Monday, May 1, 2017
Posted at 10:24 PM
0 comments (+)
I find that compared to making new friends, I still inherently prefer to be on my own.I don't like it that just because I have had lunch with a group of colleagues a couple of times, they start asking me everyday at lunch time if I am joining them. I don't like it that just because I have gone out to have dinner and drinks, or sang k with them a couple of times, they create a group chat on Whatsapp with me in it and start asking me out every Friday as if it should be a regular thing.
In fact, often times these drinks and k sessions only happen out of convenience. It was something I wanted to do at the time and it was convenient that this group of people were around, so why the hell not?
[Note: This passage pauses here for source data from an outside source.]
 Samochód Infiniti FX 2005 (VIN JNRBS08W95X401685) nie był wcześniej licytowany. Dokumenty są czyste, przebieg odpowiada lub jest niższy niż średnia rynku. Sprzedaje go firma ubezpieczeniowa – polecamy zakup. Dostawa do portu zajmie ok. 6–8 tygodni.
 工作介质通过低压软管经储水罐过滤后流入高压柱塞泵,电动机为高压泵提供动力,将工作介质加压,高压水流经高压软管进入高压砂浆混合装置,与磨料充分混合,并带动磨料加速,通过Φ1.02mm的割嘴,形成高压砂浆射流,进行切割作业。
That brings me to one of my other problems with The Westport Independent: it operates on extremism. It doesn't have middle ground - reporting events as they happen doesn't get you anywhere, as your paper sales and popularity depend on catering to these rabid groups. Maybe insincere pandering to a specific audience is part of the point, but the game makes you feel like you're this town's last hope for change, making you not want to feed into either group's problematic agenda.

But I don't like it that they start to expect my attendance at these social settings when I never said I was a part of this "thing" going on with them.
When I say 'no' to these people I want to be able to not have to provide a reason or an excuse, but simply because I don't want to or I don't like to. Why do I have to tell you why? You asked, I said no, the end.
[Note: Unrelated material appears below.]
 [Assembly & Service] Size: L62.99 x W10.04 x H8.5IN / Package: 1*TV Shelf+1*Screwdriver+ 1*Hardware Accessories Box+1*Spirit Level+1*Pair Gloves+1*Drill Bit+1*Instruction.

Knowing someone, or allowing someone to get to know me all over again, right from the start is just too much effort. I can't be fucked, honestly, about any of that. I don't want to have to explain myself or my thoughts or decisions to anybody again. All the people who should get it would've gotten it by now. Anybody else that comes after.. well, quota's full. I don't care about being understood by any of them new people in my life. It's just not worth any of the trouble to me.
I just want to be on my own. I don't want to be a part of anything.
Yes, I am fucked up. But we know that by now amirite.